I just can't understand why.
Some relevant info:
My clusterCIDR and podCIDR are: 192.168.151.0/25 (I know, it's weird, don't ask unless it's a huge issue)
I've setup etcd on systemd
I've modified the kube-controller-manager.yaml to change the mask size to 25 (otherwise the IP mentioned before wouldn't work).
I'm installing everything with Kubeadm. One weird thing I did notice was that, when viewing the config (kubeadm config view) much of the information that I had setup on the kubeadm config.yaml (for kubeadm init) was not present in the config view, including the paths to etcd certs.
I'm also not sure why that happened, but I've fixed it (hopefully) by editing the kubeadm config map (kubectl edit cm kubeadm-config -n kube-system) and saving it.
Still no luck with canal.
Can anyone help me figure out what's wrong?

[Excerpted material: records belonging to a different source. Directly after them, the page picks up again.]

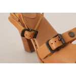 See By Chloé Brown Leather Studded Ankle Strap Sandals Shoes
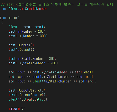 static멤버변수는 사용할때 클래스 외부에 변수의 정의를 해주어야 한다.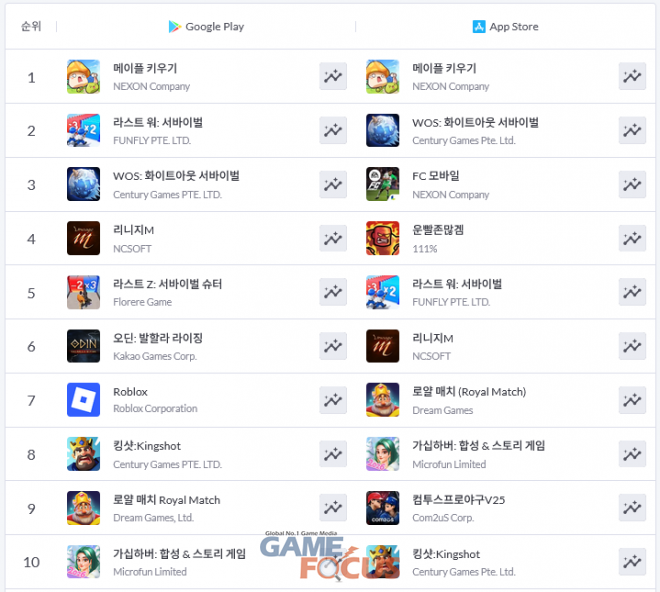 구글 플레이에서는 '메이플 키우기'를 비롯해 '라스트 워: 서바이벌', '화이트아웃 서바이벌', '리니지M', '라스트 Z: 서바이벌 슈터' 등 기존 인기작들이 TOP 5를 그대로 형성하고 있다. 장수 인기 MMORPG로 '오딘: 발할라 라이징'도 이번 주에는 6위로 선전했으며, 이외에 TOP 10은 '킹샷', '로얄 매치', '가십하버' 등 캐주얼 게임들이 채웠다.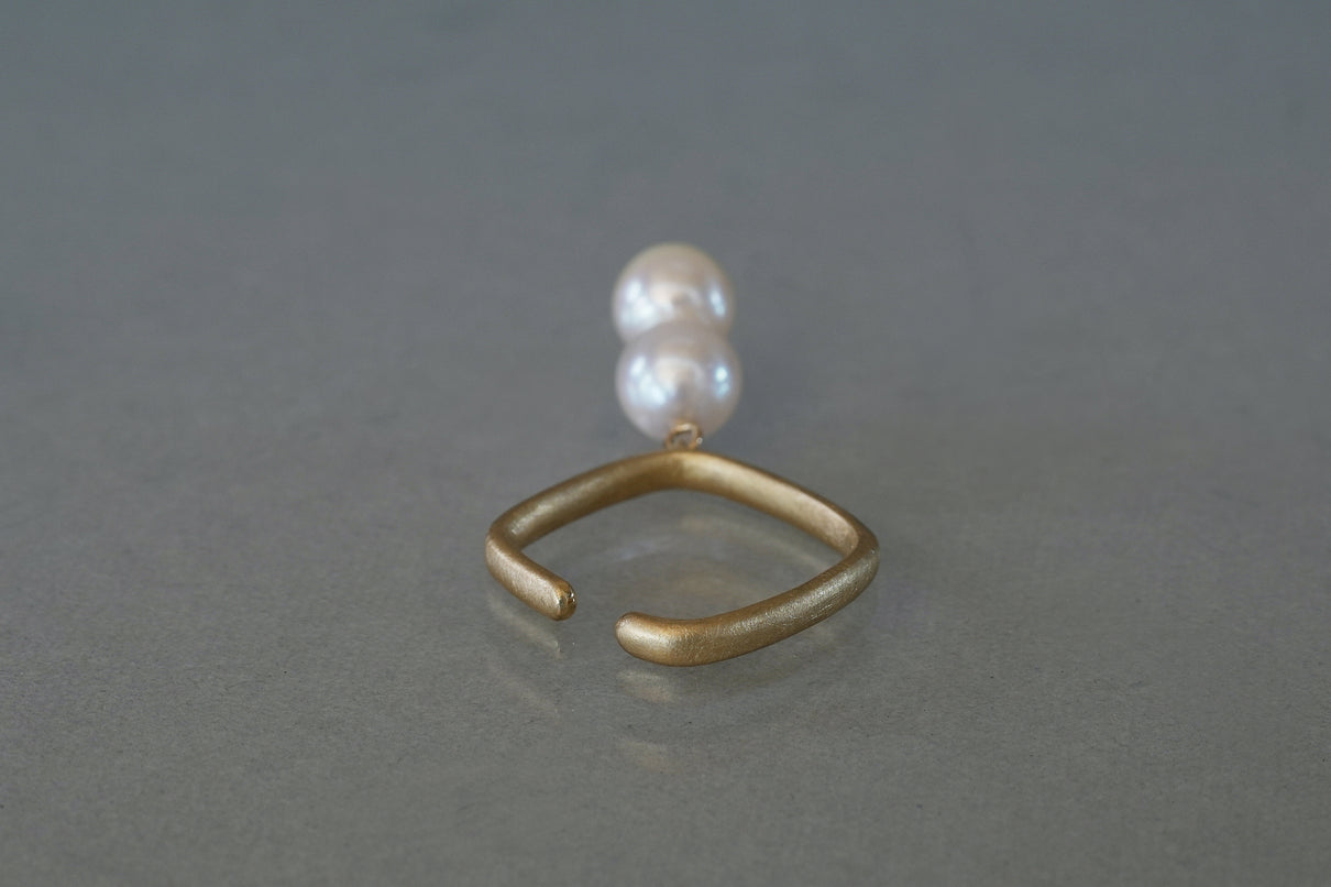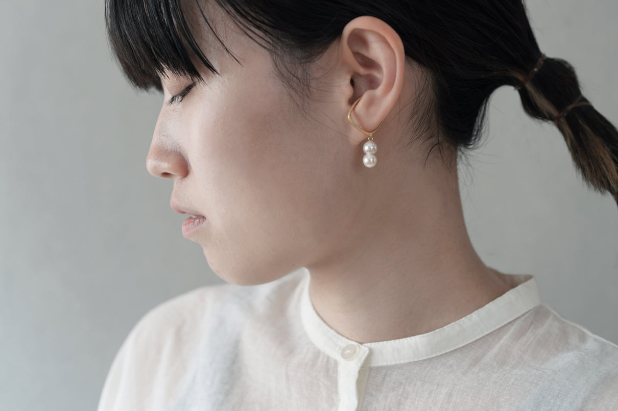 三味線の形から着想を得て作られたSyamiシリーズ。マットテクスチャーを施した柔らかなスクエア型のSyamiイヤーカフに、アコヤ貝がパールを生み出す過程で思いがけずに誕生した " 雪だるま "のような貴重な双子パールをあしらいました。周りの景色を映し出すほど強い照りで奥深く輝くアコヤパールは、動くたびにゆらゆらと心地よく揺れて耳元を華やかに演出します。1つでも十分に装いのアクセントになる、シンプルながらも個性が光るアイテムです。

I have documented pretty much every step of the configuration I've done, so if required I may be able to provide it.
EDIT:
I figured how meanwhile that indeed my master2 and 3 do not have a podCIDR associated. Why would this happen? And how can I add it?
Try to edit:
/etc/kubernetes/manifests/kube-controller-manager.yaml
and add
--allocate-node-cidrs=true
--cluster-cidr=192.168.151.0/25
then, reload kubelet.
I found this information here and it was useful for me.